ベッドに洗浄魔法をかけ(誰でも使える魔道具が常備してある)シーツを新しいものに変えてベッドメイキングをした後、床に残っている昨夜のお楽しみの後始末を含めて部屋の掃除をする。そしてシーツ他洗濯物をそれらの作業をするメイドたちのところへ運ぶ……これをリチャード様が食事を終えるまでに行わなければならない。


その後は、リチャード様のお部屋の片隅で控えていて、状況を見てお茶を出したり、用事を言いつけられてこなしたり、と常にお傍に居るのが基本となる。

リチャード様が夜の食事に行っている間に、夜番のメイドに申し送りをして交代し1日の仕事が終わるのだ。


「……つまりですね、リチャード様付きの当番が一番ハードなのですよ。
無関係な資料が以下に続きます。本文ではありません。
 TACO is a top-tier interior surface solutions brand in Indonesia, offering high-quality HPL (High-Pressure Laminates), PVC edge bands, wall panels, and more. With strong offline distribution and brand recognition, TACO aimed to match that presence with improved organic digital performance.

なのにこんな時間まで付き合わせて……ご主人様は鬼ですかっ!」

私はメイドちゃんを背後から支え、その足を大きく広げさせながらそう訴える。

このメイドちゃんは、今日のリチャード様付きだったのだが、下がろうとしたところでリチャード様が呼び止め、そのまま夜伽相手に指名されたのである。

「いや、そんなこと言われてもなぁ。」

そう言いながらもリチャードの手は止まらず、愛撫されているメイドちゃんはか細い声で、ぁんぁんと喘いでいる。

「大体、女の子は、身綺麗にしたりと何かと準備が必要なんですよ。それなのにいきなり仕事終わりにそのままなんて酷すぎですっ!」

「別に、シズネに相手しろとは言ってないからいいだろ?それとも相手してくれるのか?」

「この娘を存分に可愛がってあげてください。」

そう言って、さらに足を広げさせ、リチャード様が挿入しやすい位置へと調整する。

いきなりの手のひら返しに、メイドちゃんが涙ぐむが、仕方がない。誰だって自分の身が一番可愛いのよ。
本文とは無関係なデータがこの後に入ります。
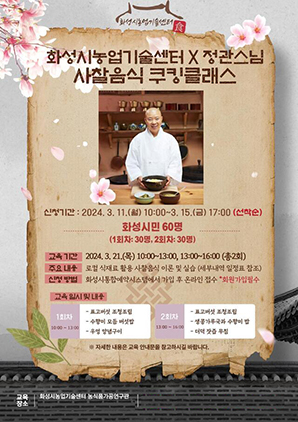 사찰음식 쿠킹클래스 안내문. (이미지 = 화성시)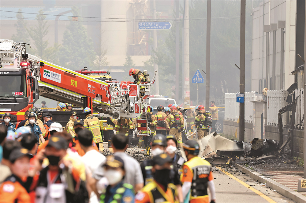 6月24日,消防员在韩国京畿道华城市的电池工厂火灾现场工作。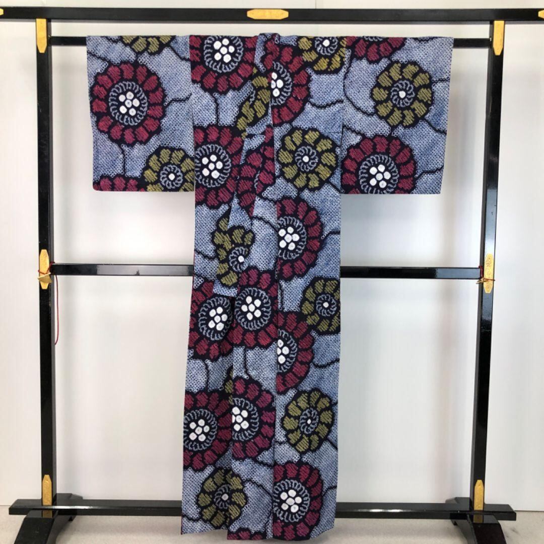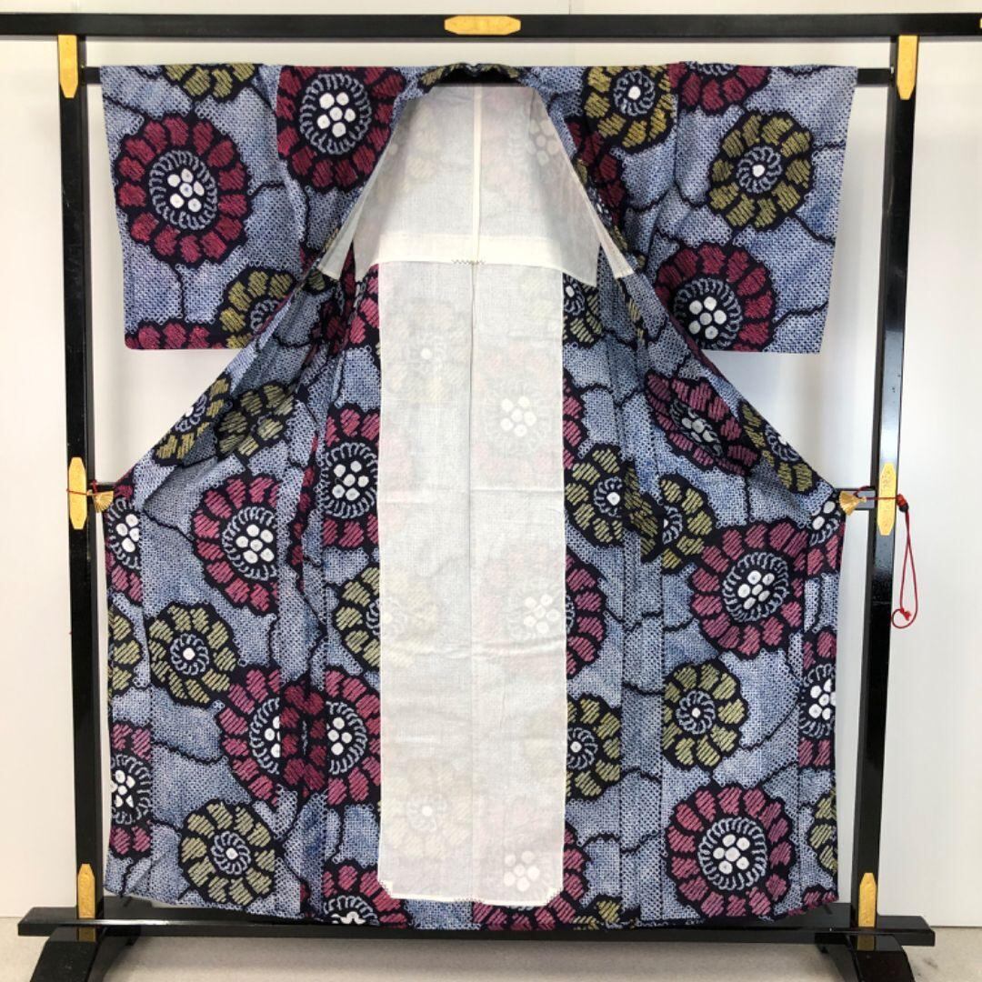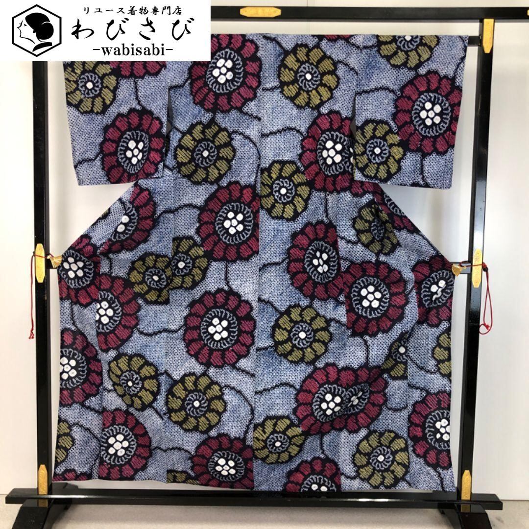 青褐色のお色味に花模様の柄裄がデザインされた素敵なお品でございます。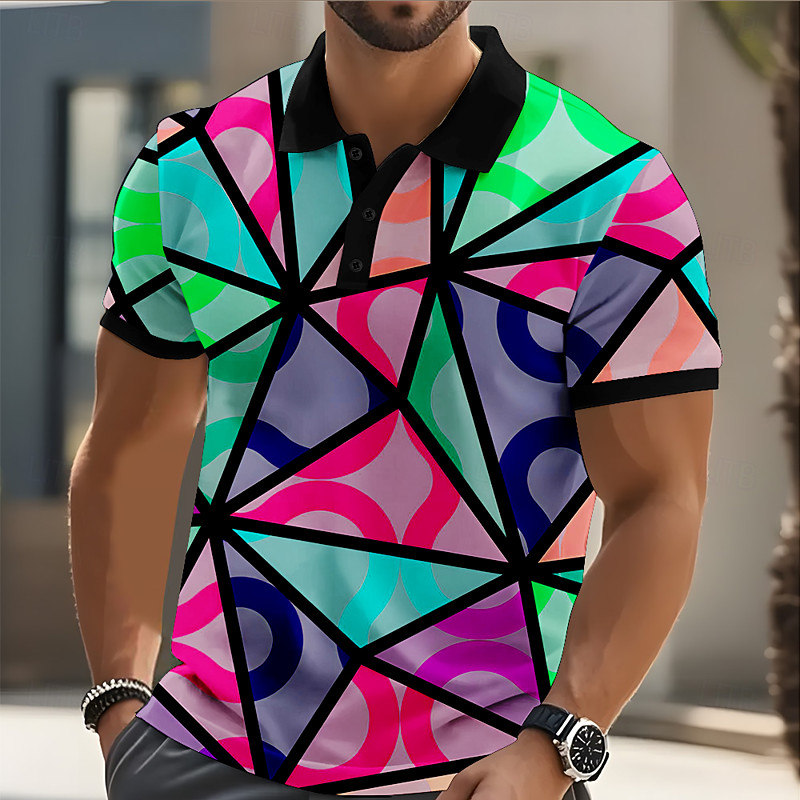 Men's Abstract Geometic Polo Short Sleeve Polo Shirts Lapel Casual Business Athleisure 3D Print Buttons Summer Blue Purple Green
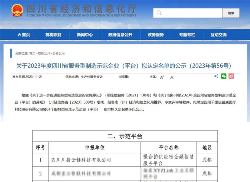 近日,四川省经济和信息化厅公布2023年度四川省服务型制造示范企业(平台)拟认定名单,川投信产所属川投云链旗下“撮合拍供应链金融智慧服务平台”脱颖而出,成功入选示范平台名单。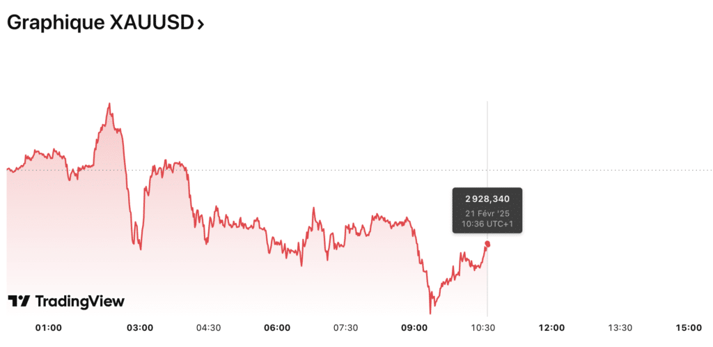 Prévision du cours de l’or 21/02. L’or en route vers 3 000 $. L’or traverse une phase de correction après avoir atteint un sommet historique, tombant à 2 927 $ sous l’effet de prises de bénéfices. Malgré ce repli, la tendance haussière reste solide, soutenue par un dollar affaibli, l’incertitude économique et les tensions commerciales. Les investisseurs surveillent désormais les décisions de la Réserve fédérale, qui pourraient être déterminantes pour la trajectoire du métal précieux.

「ところで、近々新しい方を招き入れる予定はありますか?」

「ン、どんなのが必要なんだ?」

腰を振りながらリチャードが答える。

「そうですね、魔道具の製作のために、出来るだけ手先が器用な方を……「創作」や「細工」などの加護かスキルを持っている方だと申し分ないのですが。」

「ん?庭師のベンが確か「大工」持ちだったはずだが、それじゃダメなのか?」

リチャード様の腰の動きが早くなる。

最近では、こうしてお楽しみの最中に仕事の会話をすることが多いため、後で、夜伽を命じられたメイドさん達から文句を言われる。

けど、仕方がないじゃない。ご主人様の意向なんだもの。

私だって何が悲しゅうて、他人が喘いでるところで仕事の会話をしなきゃなんないのよっ!って声を大にして言いたいよっ!


まぁ、リチャード様の、私をその気にさせようっていう姑息な手だと思うんだけどね。

そんな手には乗らない……と言いたいけど、ねぇ……私だって、その……。

結局、後でこっそりとプリムちゃんと慰めあったりしていることは内緒だ。


それはともかくとして、最近、私の立場が微妙になりつつある。

朝起きてから、リチャード様に呼ばれ、食事をともにしながらの打ち合わせ。

その後は、リチャード様と共に、執務室で一緒にお仕事。

夜は、リチャード様がお楽しみの間、お傍でリチャード様の代わりに仕事をしたり、女の子を慰めるところをリチャード様にお見せしたりする。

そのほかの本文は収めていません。